We were able to develop the classification-based machine learning models to predict cyanobacterial blooms with more than 80% accuracy using only two features. That is to say, an efficient and effective model development methodology that could increase prediction accuracy with a few features was devised. However, it was essential to select features that were involved in the target variable statistically through feature selection methods such as one-way ANOVA. Furthermore, the problems of multi-collinearity and an imbalanced dataset needed to be addressed.

We confirmed that the accuracy of the models using two classes of Group2 was overall higher than the other groups with three classes. In other words, we needed to classify the cyanobacterial density into simple two classes rather than three classes to improve the model performance. Similar to the result of this study, most multi-class classification problems are more challenging than binary ones [50]. Although we concluded that the models using Group2 outperformed the others, we have to consider how to improve the performance of the models using Group1 or Group3, which can fit the real Algae Alert System through further research.

The models using algorithms other than SVM, which accuracy was highest at 92%, also made very slight differences by achieving an accuracy of 91% for DT or 89% for k-NN and LR. On the other hand, except for the highest accuracy, the algorithms’ performances were different for different groups (Group1, Group2, and Group3) or the input features. Hence, we need to decide which machine learning algorithm should be employed by considering the application purpose of a model and the available datasets.
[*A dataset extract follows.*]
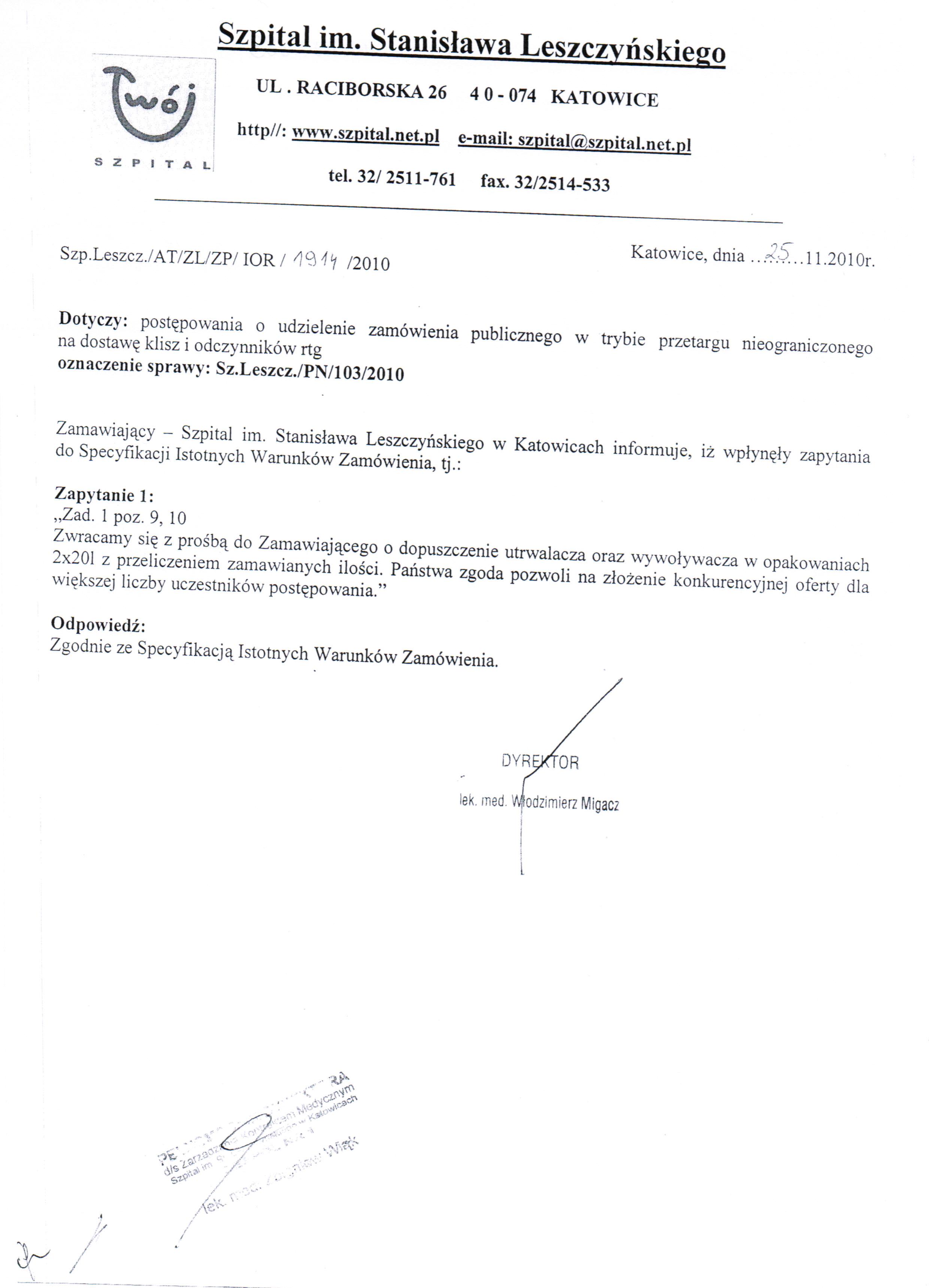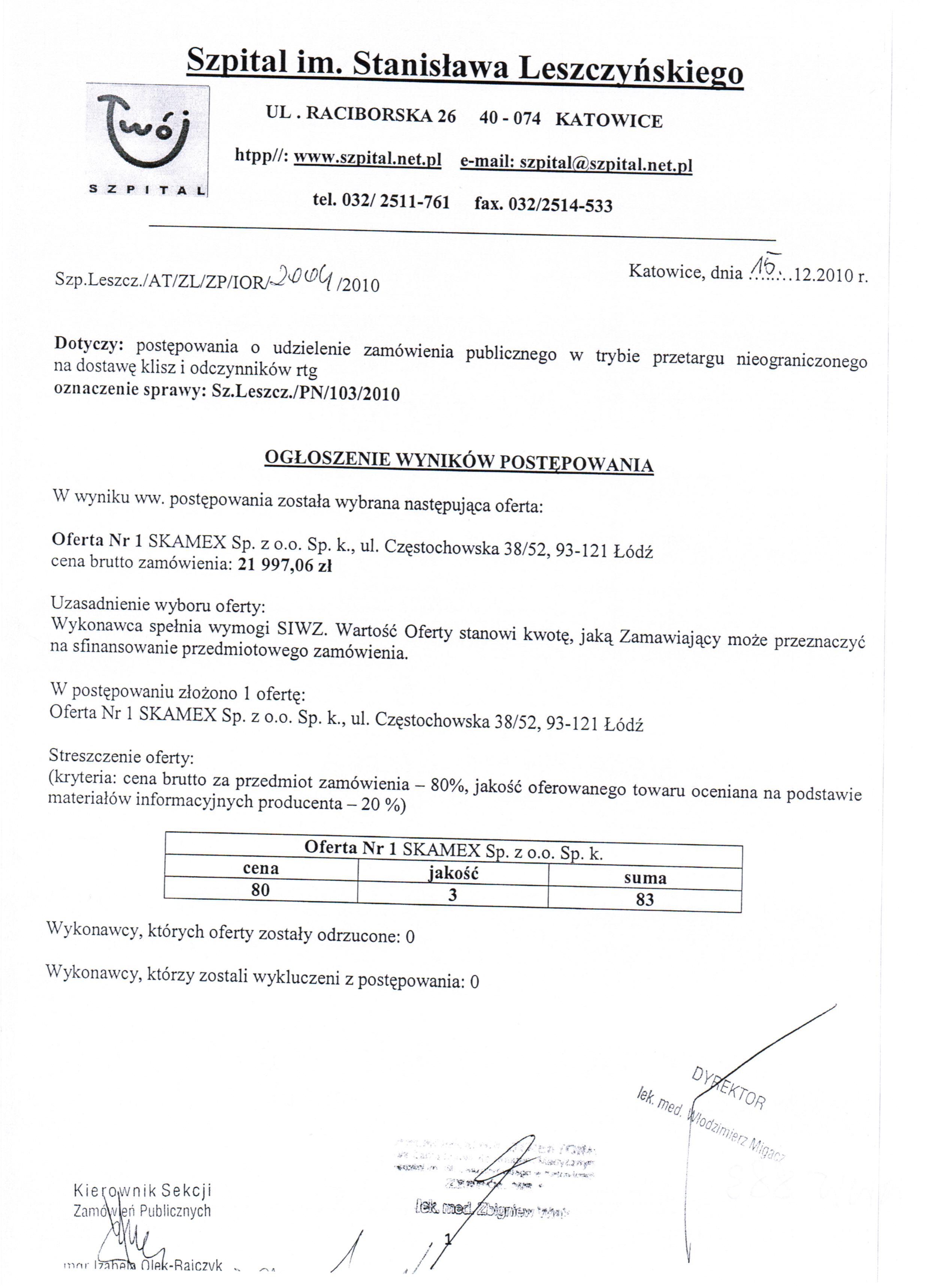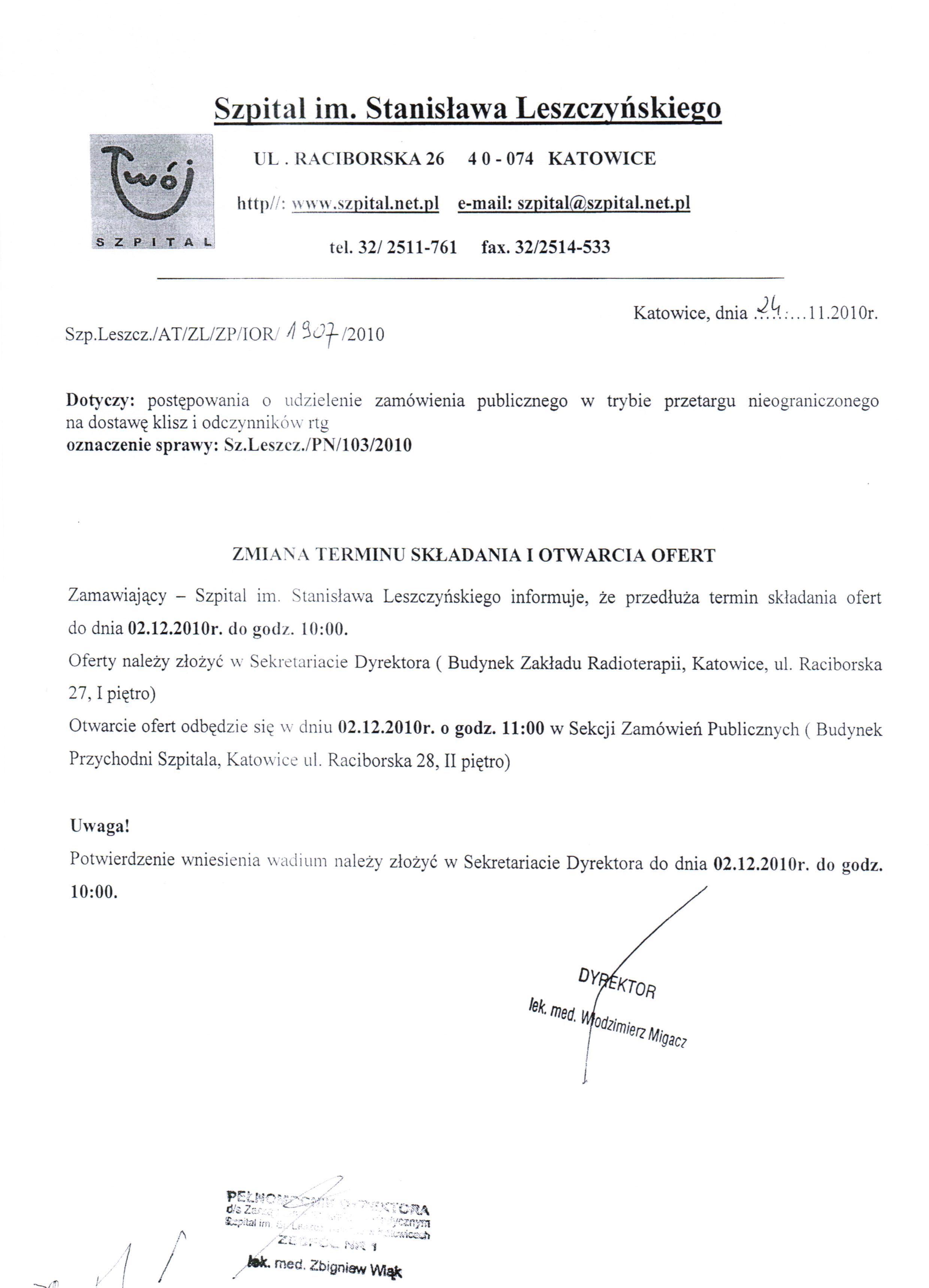 Oferty należy złożyć do dnia 26.11.2010r. do godz. 10:00 w 40-074 Katowice, ulica Raciborska 27, budynek Zakładu Radioterapii, I piętro, Sekretariat Dyrektora

This consideration is necessary because it would assist in determining how to encode the target variable (as binary, or as multi-class), and which input features should be used.

In predicting the cyanobacterial blooms, we could recognize that the current cyanobacterial density (Cyano(t)) had high auto-correlation with ones after a week (Cyano(t+1)). Even if this auto-correlation was not considered, it could be seen that some models using NO₃-N or TN as input features along with air temperature were also very accurate. From these results, we could assume that nitrogen compounds were directly or indirectly involved in cyanobacterial blooms [23,51]. Therefore, further research could identify if the control of nitrogen compounds flowing into rivers or reservoirs according to the air temperature is possible to make the cyanobacterial blooms produce or fade.

With regard to decision making, the predictive models using nominal or ordinal data can be more efficient than real-valued data as the results using the former type of data are much more intuitive [9]. Nevertheless, building a model based on real-valued data, rather than on a classification basis, could support more detailed decision making. Further research would be needed on whether the feature selection process presented through this study can improve the accuracy of such a model.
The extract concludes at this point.